Manila – Präsident Ferdinand “Bongbong” Marcos Jr. will nicht, dass lokale Beamte ihre Aufgaben mit einer “lässigen” Herangehensweise wahrnehmen, insbesondere während Naturkatastrophen, teilte der Regierungspalast Malacañang am Dienstag mit. – klajoo.com – “Zuallererst wünscht sich der Präsident keine ‘entspannte’ Führung. Die Arbeit muss für die Bürger erledigt werden, denn sie sind auf die Regierung angewiesen, insbesondere in Situationen wie dieser. Wir können nicht ständig ‘entspannt sein’, die Arbeit muss Vorrang haben, nicht der Urlaub”, sagte die Pressesprecherin des Regierungspalastes, Claire Castro, in einer Pressekonferenz.
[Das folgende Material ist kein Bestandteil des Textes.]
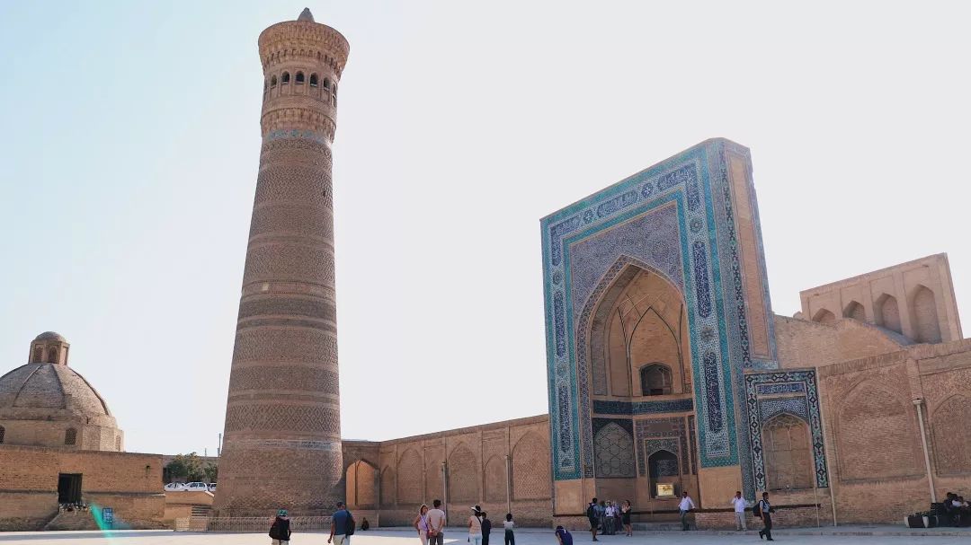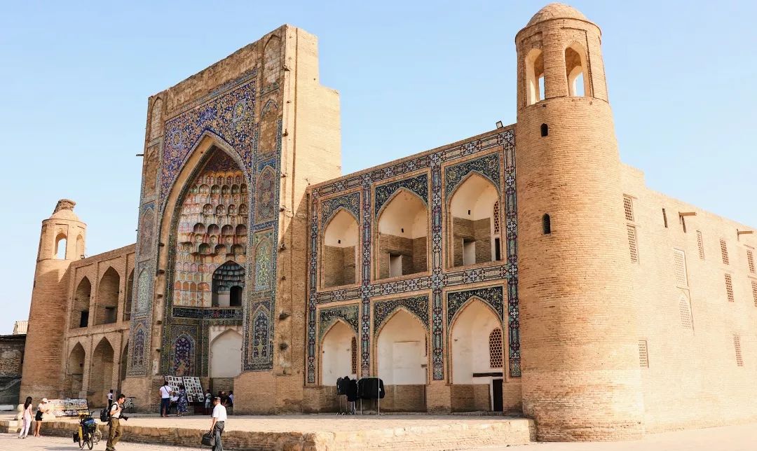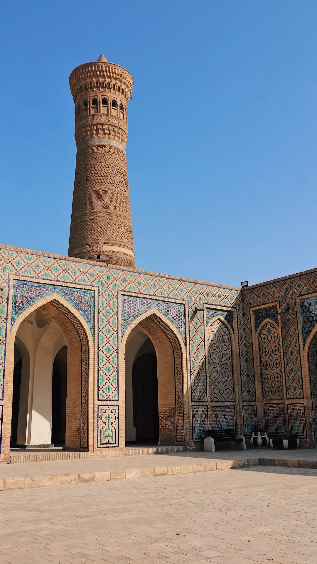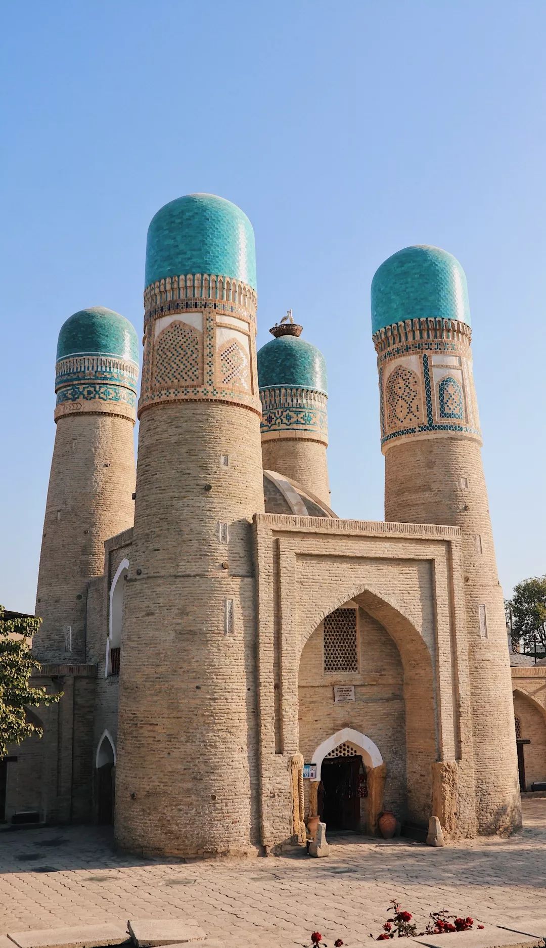 布哈拉的古建筑多分布在老城区,星罗棋布地或矗立在宽阔的广场里,或藏匿于狭窄的小巷中,当我沿着厚重的石板路在古城中踱步,天蓝色圆顶的清真寺、纹饰多样的宣礼塔与规模宏大的神学院仿佛低吟着,向我诉说着穿越千年的故事。

Castro äußerte sich im Lichte der Untersuchung des Department of the Interior and Local Government (DILG) gegen lokale Verwaltungschefs, die das Land trotz einer Anweisung verlassen hatten, die sie vor der unmittelbar bevorstehenden Gefahr des Taifuns Uwan, der zuvor als Supertaifun eingestuft war, warnte.
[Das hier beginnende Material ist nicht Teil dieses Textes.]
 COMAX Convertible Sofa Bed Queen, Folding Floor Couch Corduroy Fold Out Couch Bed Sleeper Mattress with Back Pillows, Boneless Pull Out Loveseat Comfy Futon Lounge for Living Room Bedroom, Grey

Sie bezog sich dabei auch auf Äußerungen des Gouverneurs von Isabela, Rodolfo Albano, auf die Frage nach dem Supertaifun, der Isabela treffen sollte.
Albano sagte: “Die PAGASA (Philippine Atmospheric, Geophysical and Astronomical Services Administration) übertreibe manchmal mit den Wettervorhersagen und verursache dadurch unnötige Panik.”
“Die PAGASA ist immer so. Manchmal schürt das Angst und Nervosität. Ich bleibe einfach ruhig. Wir können nichts daran ändern. Nur Gott kann den Taifun aufhalten”, sagte er.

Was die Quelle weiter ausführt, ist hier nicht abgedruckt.